Мы приблизились, прельщенные этим ответом. Однако вырвавшийся у нашего сопровождающего жест дал нам понять, что этот шаг был преждевремен. «Ну-ну! — проворчал хозяин кафе, нахмурив брови. — И сколько же чашек вам нужно?» — «Пять». — «И самых больших, какие только найдутся!» — отважился высказаться Александр. Трактирщик пробурчал что-то по-испански. «Что он говорит?» — поинтересовался я. «Он сказал, что чашки они и есть чашки». — «И что их не делают нарочно для нас», — добавил Буланже, который все понял. «Это уж точно!» — произнес хозяин.
Наш сопровождающий вытащил из кармана сигару и предложил ее трактирщику.

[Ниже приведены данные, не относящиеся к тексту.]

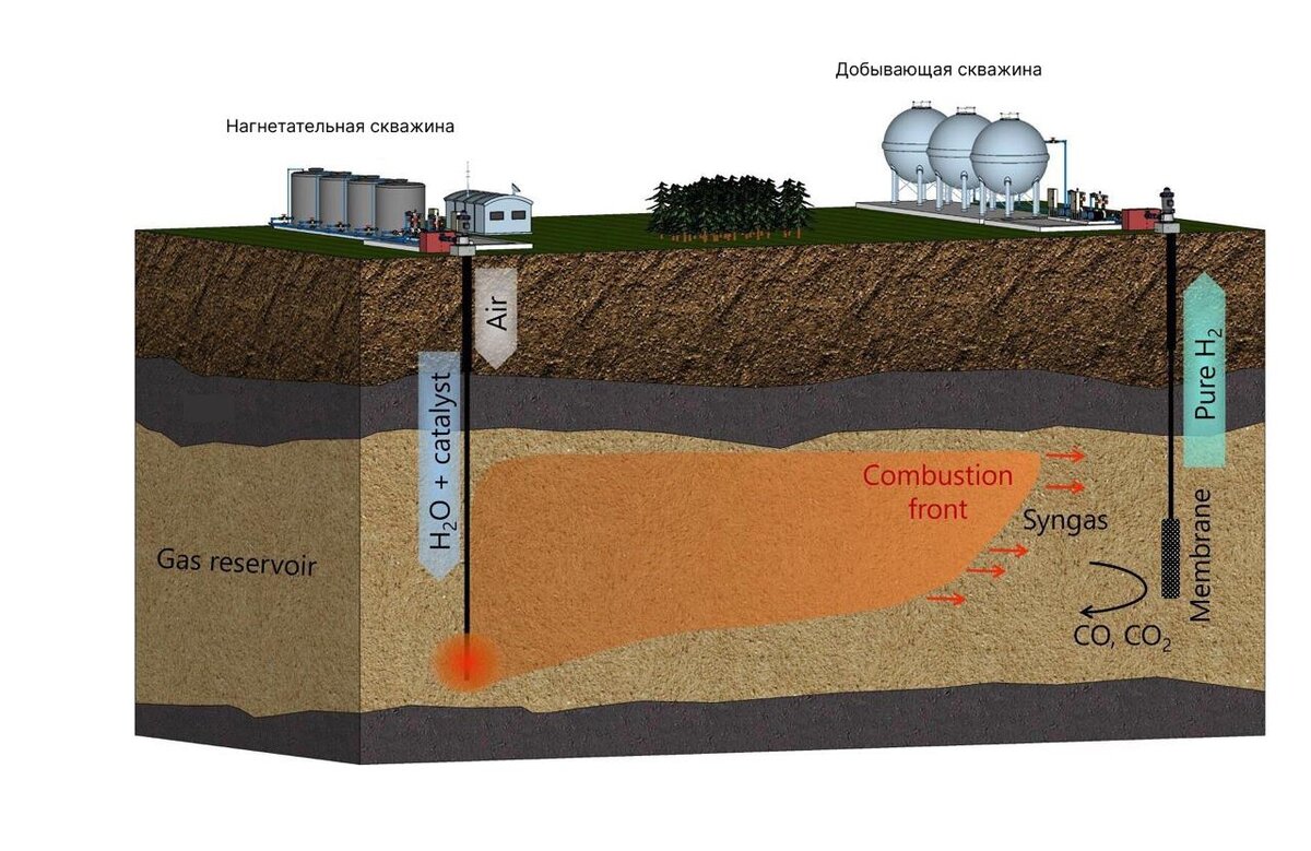 🇷🇺 Команда Сколтеха разработала инновационный метод производства водородного топлива прямо на месторождениях природного газа 🔥 Суть подхода: в скважину закачиваются пар, катализатор и кислород, чтобы инициировать подземную реакцию горения. В результате образуется смесь водорода и оксида углерода — водород извлекается, а углеродные выбросы остаются под землей, не попадая в атмосферу. Эффективность процесса — до 45%, а в лабораторных условиях с пористыми породами — даже до 55%. Технология уже успешно протестирована в лабораториях и теперь готова к следующему этапу — испытаниям на реальных месторождениях. 💬 «Мы показали, что можно превращать природный газ в “зеленый” водород прямо в недрах земли», — говорит руководитель проекта Елена Мухина. #газ #водород #сколтех

Это была настоящая «пуро», привезенная прямо из Гаваны. В глазах хозяина кафе сверкнуло удовольствие, но он тотчас же подавил эту вспышку. «Пять чашек?» — переспросил он. «Да, пять; впрочем, поскольку я не слишком голоден, лично я могу…» Трактирщик прервал его величественным жестом короля, дарующего прощение. «Нет, — произнес он, — Muchacho, пять чашек для этих господ!» Из соседней комнаты послышалось что-то вроде вздоха. «Сейчас вам принесут шоколад», — пояснил наш переводчик. «Ах!» — воскликнули мы все с таким же вздохом. Хозяин кинул на нас презрительный взгляд, зажег гаванскую сигару и принялся смаковать ее с таким надменным видом, словно никакого другого табака он за всю свою жизнь никогда не курил.

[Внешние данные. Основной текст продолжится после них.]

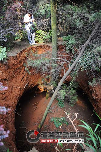 昨日(7日)下午,中南大學(xué)工程地質(zhì)與地質(zhì)災(zāi)害研究所副教授金福喜趕到烈士公園,仔細(xì)查看后說:“初步估計(jì),地下應(yīng)該有石灰?guī)r溶洞。”

Несколько минут спустя вошел мальчик с пятью наперстками, наполненными густой черной жидкостью, которая напоминала зелье, приготовленное какой-нибудь фессалийской колдуньей. На том же подносе стояли пять стаканов с чистой водой и корзинка, наполненная чем-то непонятным — это было нечто вроде маленьких белых и розовых хлебцев продолговатой формы, напоминавших те камушки, какие кладут в клетку щеглам, чтобы они стачивали свой клюв.
Краешком губ мы коснулись шоколадного напитка, опасаясь увидеть, как улетучится, подобно многим другим обманам зрения, эта иллюзия испанского шоколада, которым нас баловали в детстве. Но на этот раз все опасения тут же развеялись. Шоколад был превосходен. К сожалению, его хватило ровно на один глоток. «Нельзя ли попросить еще пять чашек?» — осмелел я. «Десять!» — прошептал Буланже. «Пятнадцать!» — вставил Маке. «Двадцать!» — потребовал Александр. «Тихо! — произнес наш переводчик. — Растворите ваш асукарильо в стакане с водой, пейте и возвращайтесь в карету: если пользуешься чем-то, не надо злоупотреблять». — «А как это растворять?» — спросил я, в то время как мои спутники вдохом втягивали в себя последние капли шоколада, остававшегося на стенках их чашек. «Нет ничего проще, глядите!» Наш спаситель взял кусочек сахара за один конец, а другой его конец погрузил в стакан так, как обмакивают ломтик хлеба в яйце. По мере соприкосновения с водой сахар растворялся, а вода из прозрачной становилась мутной. Мы попробовали эту мутную воду с тем же недоверием, что и шоколад. Вода оказалась вкусной, свежей, ароматной. Все было отличного качества, но в слишком малом количестве.